-- Data below --
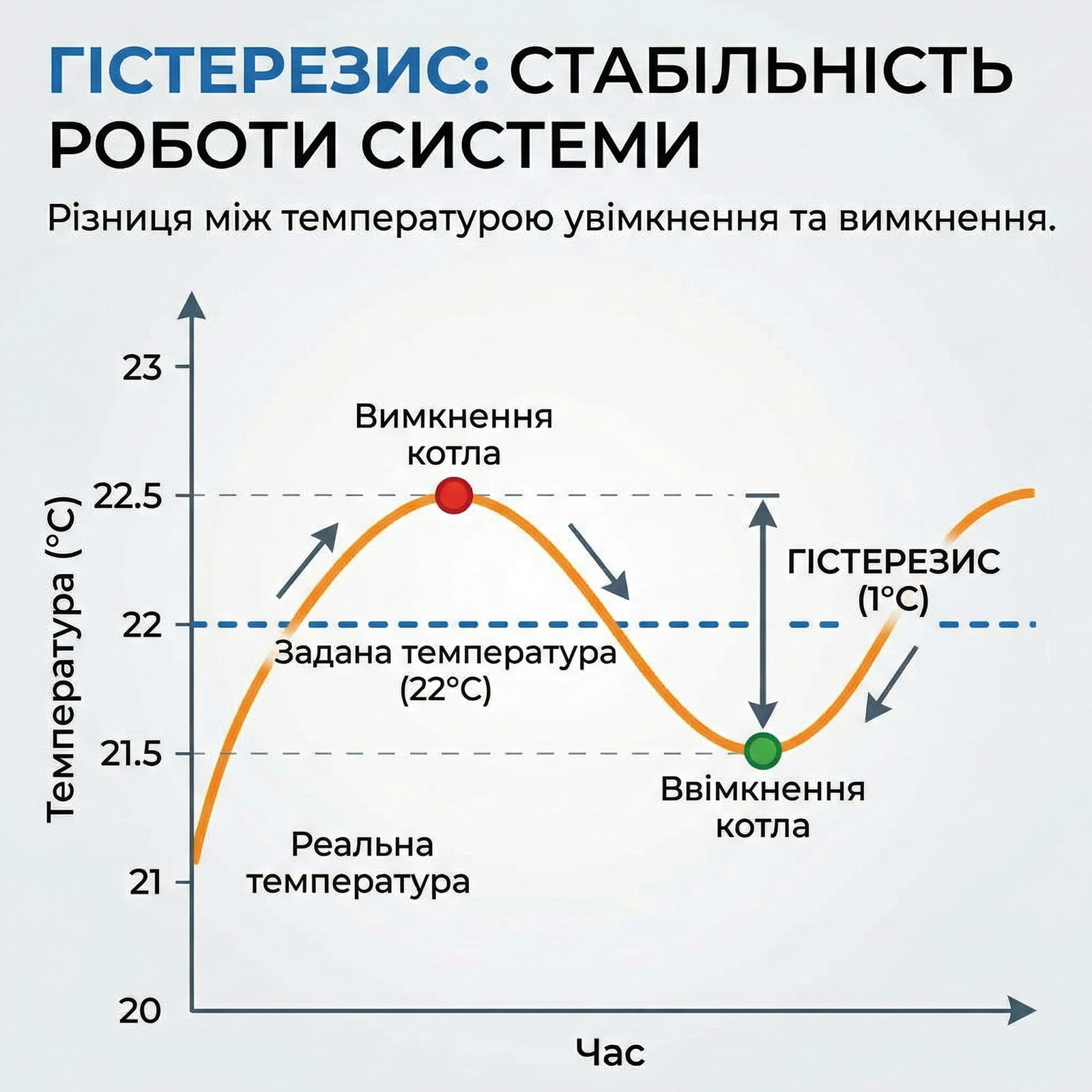Оптимальним вважається гістерезис у межах 0,2°C – 0,5°C.
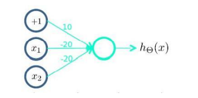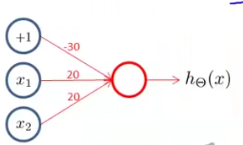 对于上图,我们首先需要在x12的基础上添加一个偏执单元,并为其分配一定的权重,例如-30,20,20,意味着x012的权重依次为上述三个值,我们可以得到\(h_{\theta}(x) = g(-30+20x_1+20x_2)\)
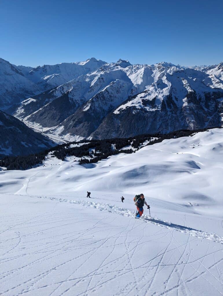 - Beherrschen der Skitourentechnik mit dessen Basics (Fellen, Spitzkehren).
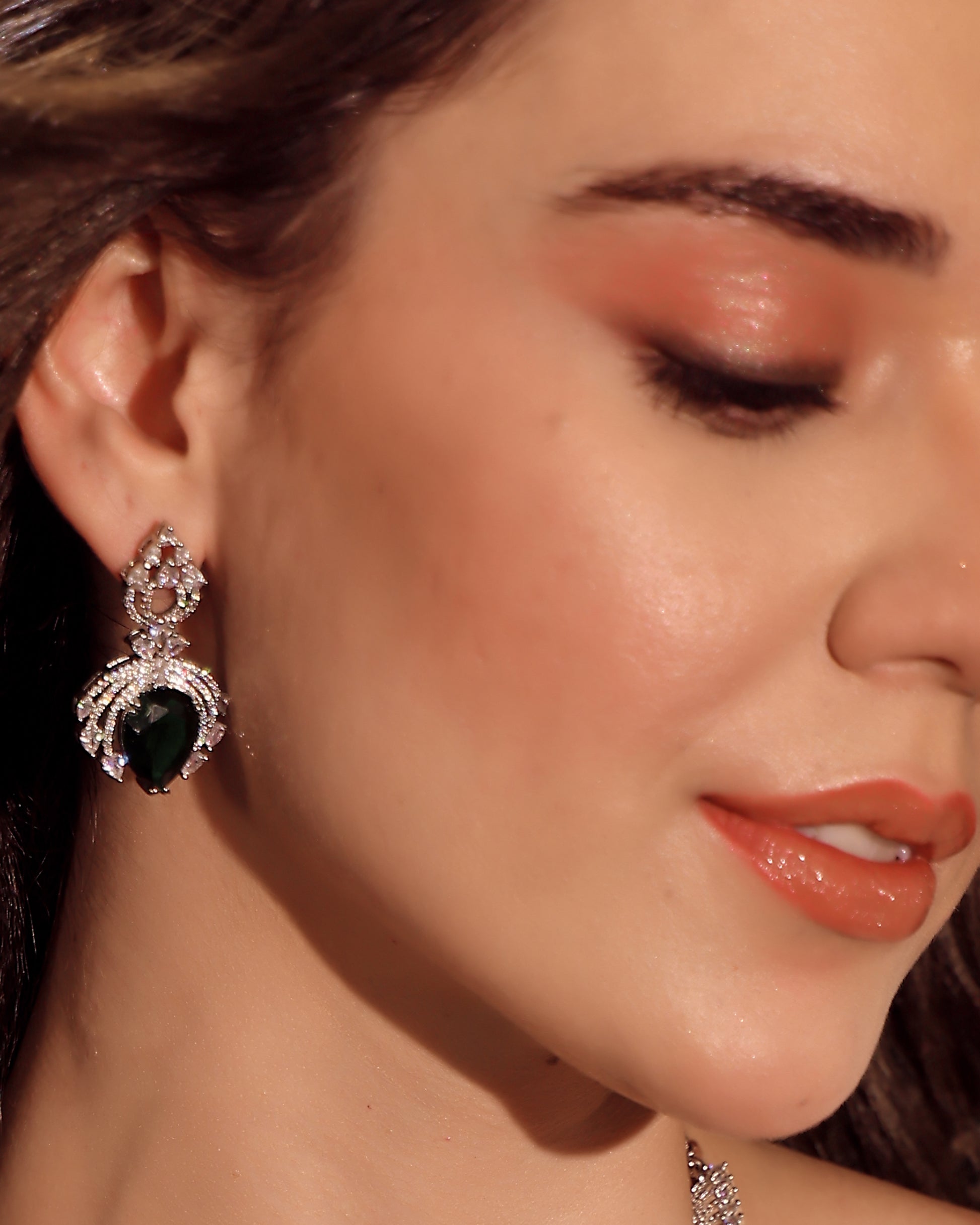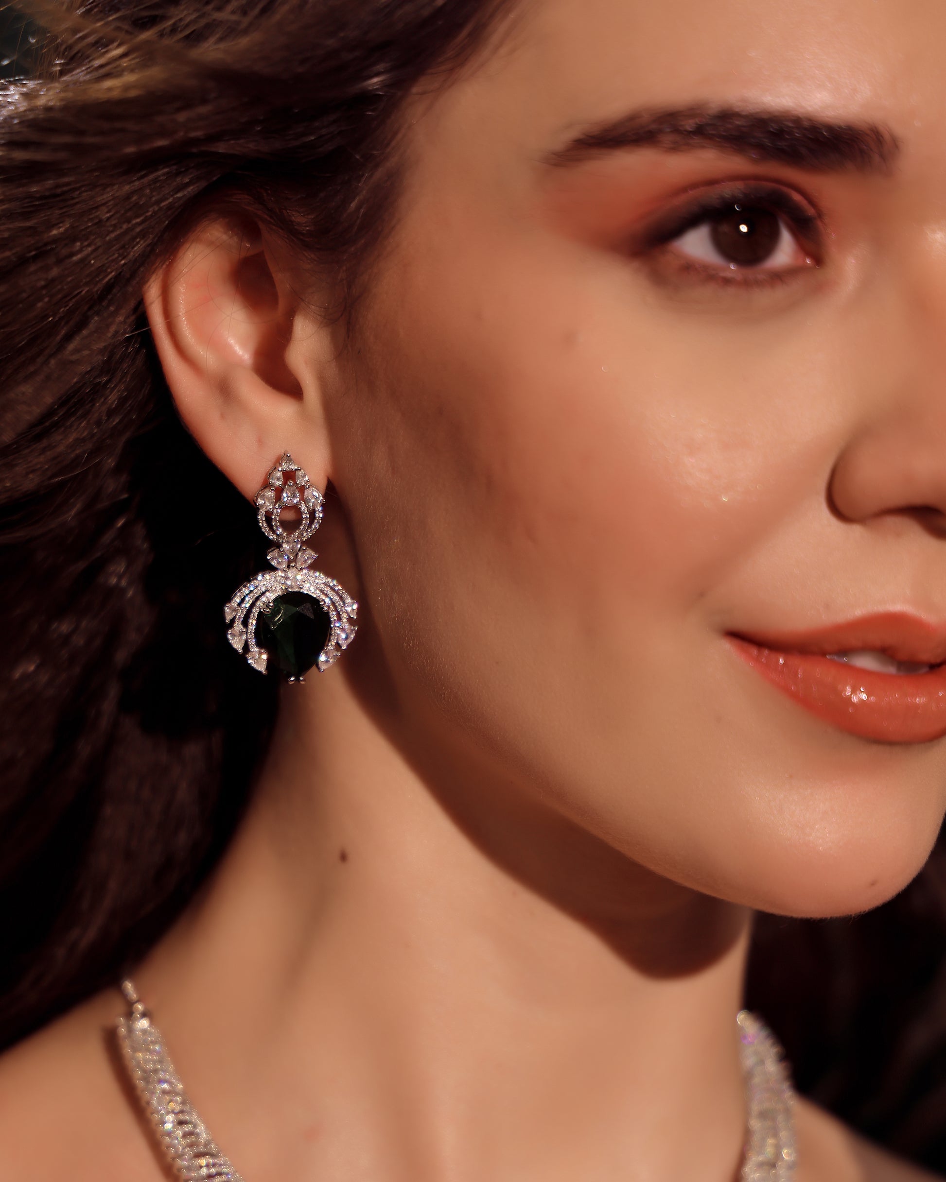 With its striking contrast of jet-black stones against a cascading brilliance of American Diamonds, the Midnight Flair AD Luxe Set is an ode to modern sophistication. Dramatic yet refined, this set is the perfect companion for evening affairs that demand your finest.

-- About this exercise --
Beginning at the line that contains "- Beherrschen der" and ending at the last line of the data, return each line exactly; no picture belongs in the copy.

-- Result below --
 - Beherrschen der Skitourentechnik mit dessen Basics (Fellen, Spitzkehren).
 With its striking contrast of jet-black stones against a cascading brilliance of American Diamonds, the Midnight Flair AD Luxe Set is an ode to modern sophistication. Dramatic yet refined, this set is the perfect companion for evening affairs that demand your finest.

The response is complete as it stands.